Kamu pasti bisa, Sya, kusemangati diri sendiri.
~oOo~
Saat ini, aku sudah duduk di ruang tamu rumah kedua orang tuaku dengan Bang Dipta duduk di sampingku dan Ayah Bunda di hadapan kami. Posisi yang sama seperti saat Ayah Bunda mengabariku dan Bang Dipta tentang kehamilan Bunda. Namun saat ini, posisinya berbalik, akulah yang saat ini harus mengabari mereka tentang kehamilanku. Pikiranku kosong, kalimat yang sudah kurangkai semenjak kami di rumah tadi seolah buyar setelah mendapati keadaan yang nyata ini. Bagaimana ini?
"Ada apa, Sya? Tadi katanya mau kasih kabar." Ucapan Ayah tersebut membuat semua pikiranku semakin kacau. Apa yang harus kukatakan sekarang? Remasan tangan lembut yang kurasakan membuatku sejenak menatap Bang Dipta dan tanpa sadar mataku menyiratkan permintaan tolong padanya. Ah, kenapa juga tadi aku menerima saja saat Bang Dipta menyarankan supaya aku yang harus mengabarkan ini pada Ayah Bunda. Aku sendiri yang harus mengatakan pada mereka.
"Eh, I-tu ... Ayah Bunda apa kabar?" tanyaku, mencoba mengulur waktu sambil aku merangkai kata yang sudah buyar tadi. Kali ini bukan remasan tangan, namun cubitan kecil kudapatkan dari Bang Dipta yang mulai menatapku gemas. Duh, salah sendiri dia menyuruhku yang mengatakan kabar ini, sedangkan aku rasanya sama sekali tidak siap. Serasa bagai akan melempar bom molotov ke hadapan Ayah Bunda.
"Oh, Alhamdulillah kami baik-baik saja." Jawab Bunda sembari tanpa sadar mengelus perutnya dengan sayang. Termangu, aku menatap dengan lekat saat tangan Bunda yang biasanya mengelus rambutku sayang, kini sedang mengelus calon adikku sayang. Rasa hati yang sudah kacau tadi semakin tidak karu-karuan saat ini. Ya Tuhan, tidak bisakah kau memberiku situasi normal? Di mana aku bisa mengatakan kalau aku hamil tanpa ada efek samping? Aku takut.
Kurasakan satu lagi remasan tangan dari Bang Dipta, remasan tangan yang menunjukkan rasa tidak sabar. membuatku memalingkan wajahku ke arahnya. Tatapan tegas dari Bang Dipta memaksaku tidak dapat mengulur atau pun mundur. Ya, siap tidak siap aku harus mengabarkan ini semua pada kedua orang tuaku.
"Ayah ... Bunda ... kedatangan Nisya dan Bang Dipta hari ini, kami ingin mengabarkan sesuatu yang penting," Menghirup napas dan mengembuskannya sejenak, baru aku melanjutkan, "... Nisya hamil ...."
Akhirnya aku menjatuhkan bom itu. Tiba-tiba hanya senyap yang menggelayuti ruang tamu berukuran 5 x 5 meter ini. Tidak berani memandang ke depan, aku hanya bisa memain-mainkan jariku dengan takut. Benar-benar takut dengan efek yang kutimbulkan. Bagaimana ini? Kenapa belum ada respon apa pun? Hingga sebuah tawa yang terdengar berat memenuhi ruangan ini, dan kurasakan seseorang memelukku erat.
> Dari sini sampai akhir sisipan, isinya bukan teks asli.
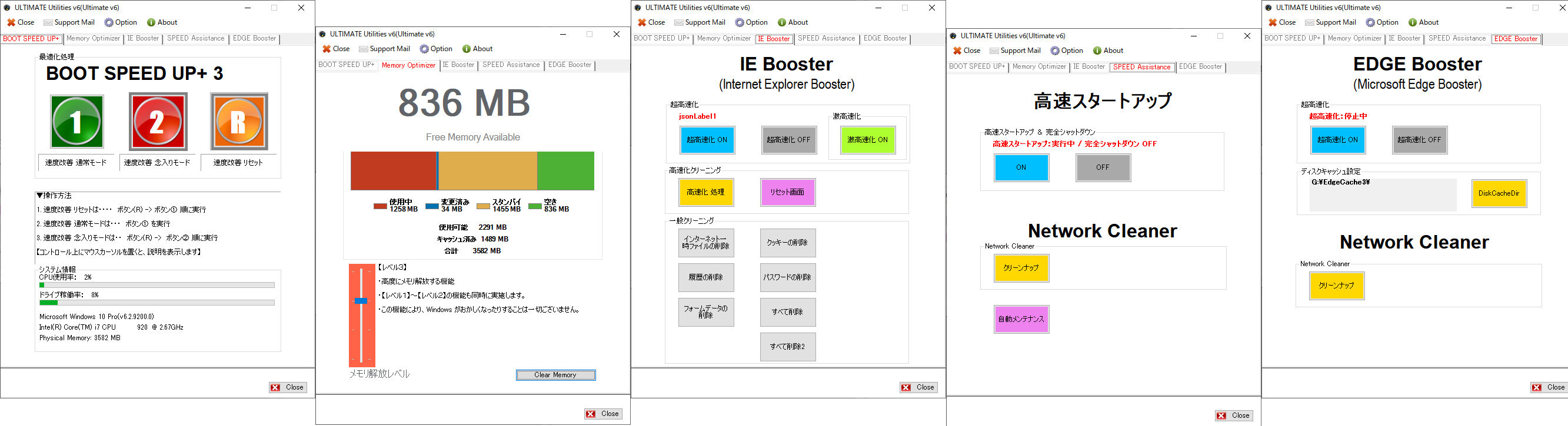 ■ BOOT SPEED UP+ 3 ■ 操作はかんたん、ボタンを押すだけです。 機能ボタンを押すだけで、自動的に処理します。 1.速度改善 通常モード 2.速度改善 念入りモード 3.速度改善 リセットモード 機能の説明 1.速度改善 通常モード 速度改善情報の組み直しを実行 2.速度改善 念入りモード 念入り・完璧に速度改善する場合にご使用下さい。 3.速度改善 リセットモード 速度改善情報の情報収集を行います ----------------------------------------------------------------------------------------------- ■ Memory Optimizer+ ■ 操作はかんたん、ボタンを押すだけです。 メモリ解放レベルは4段階、お好みを選びボタンを押すだけで自動的に処理します。 |

"Alhamdulillah ... akhirnya ya ... selamat ya, Nduk." Pelukan Bunda yang kurasakan bukanlah seperti yang kubayangkan. Aku sama sekali tidak membayangkan respon secerah ini. Sedari tadi yang kubayangkan selalu berakhir dengan Ayah dan Bunda yang terlalu terkejut sepertiku kemarin. Apakah memang aku yang terlalu bodoh? Menyamakan perasaan Bunda seperti perasaanku yang jelas sekali berbeda. Karena mendengar ucapan selamat yang tulus diucapkan Bunda tersebut bukan seperti apa yang kuucapkan saat aku mendengar kabar Bunda, ini berbeda. Ya, karena kami memang berbeda.
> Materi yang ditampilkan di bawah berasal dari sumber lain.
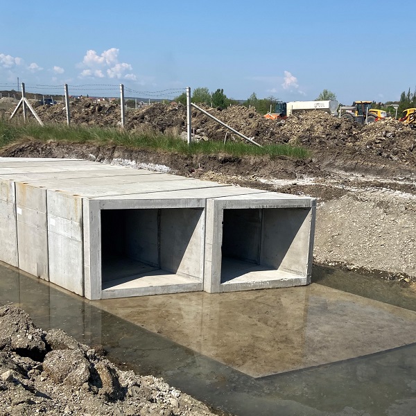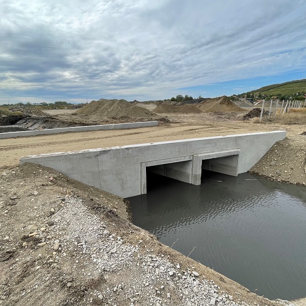 A 37-es út 9 – 27 km szelvény közötti 2 x 2 sáv kialakításához a normál vízépítési termékeken felül feladatul kaptunk egy egyedi méretű iker áteresz tervezését és legyártását. Külön érdekessége a projektnek az áteresz lezárását szolgáló egyedi támelem, ami méreténél és formájánál fogva kihívást intézett mind a gyártásnak, mind a szállítást és az elhelyezést végzőknek.

"Ah, senengnya, berarti nanti kita bisa belanja bareng ya, Sya, buat beli kebutuhan bayi. Ih, pasti lucu deh ya." Kebahagiaan jelas terdengar dari ucapan Bunda tersebut. Belanja kebutuhan bayi dengan Bunda? Kutatap wajah Bunda yang berbinar menatapku.
"Pasti asyik, Bunda." Jawabku yang segera mengembangkan senyum tulus pertamaku hari ini. Ya, pasti akan mengasyikkan. Memilih-milih baju bayi, sepatu bayi, peralatan bayi, dan lain-lain bersama Bunda. Sekalian aku juga bisa bertanya banyak hal tentang kehamilan pada beliau. Walaupun mungkin Bunda sibuk dengan kehamilannya, pasti beliau akan tetap mau memberiku nasihat dan membantuku menghadapi kehamilan ini. Dia Bundaku, orang yang akan selalu melakukan apa pun untuk membantuku. Kenapa aku bahkan pernah meragukannya?